Repo for Petra Oil Bitumen
The Petra Oil Web Scraper is a proprietary Python-based tool developed to streamline data extraction from websites. This documentation serves as a comprehensive guide to its functionalities, setup, and usage.
This scraper is purpose-built to extract internal links from specified websites, perform keyword searches within the extracted links, and provide detailed information based on user-defined queries.
Description: Extracts internal links from targeted websites. Implementation: Utilizes Python libraries for web scraping, navigating the HTML structure to identify anchor tags.
Description: Conducts keyword searches within the extracted links. Implementation: Employs advanced string matching algorithms to locate defined keywords within the link set.

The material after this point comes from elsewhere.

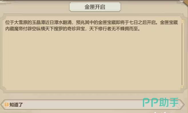在游戏中大家其实想要开金匣子的话是需要去解锁玉晶潭秘闻的,而且有三次机会可以开启,项想要开启就必须去大雪原,触发的地点就在大雪原上面,可以派弟子去这个地点进行历练,在将大雪原的所有地点都解锁之后,就会出现一个隐蔽的地点,这个地点就是玉晶谭,在上面是可以提前解锁的哦,在解锁之后大家派出弟子就会获取秘闻,这个秘闻开启之后是有六个选择的,在选择的时候大家就会看到后面括号中的要求。

Description: Allows users to request specific details related to keywords or website content. Implementation: Utilizes user-input queries to generate targeted responses based on search results or website content.
Description: Filters and eliminates duplicate links obtained during the scraping process. Implementation: Employs robust data structures to ensure uniqueness and prevent redundancy in the list of extracted links.
Description: Allows customization of link traversal depth. Implementation: Utilizes a tree traversal mechanism to control the exploration depth within the link structure.
Description: The current iteration of the web interface boasts an expertly crafted user experience, driven primarily by JavaScript functionalities.
Implementation: Developed with a predominant focus on JavaScript to ensure an interactive and dynamic user interface. Leveraging modern JavaScript frameworks and methodologies, the interface delivers a sophisticated yet intuitive user experience. Its responsive design and seamless interaction cater to diverse user needs, providing a comprehensive platform for efficient data input and retrieval.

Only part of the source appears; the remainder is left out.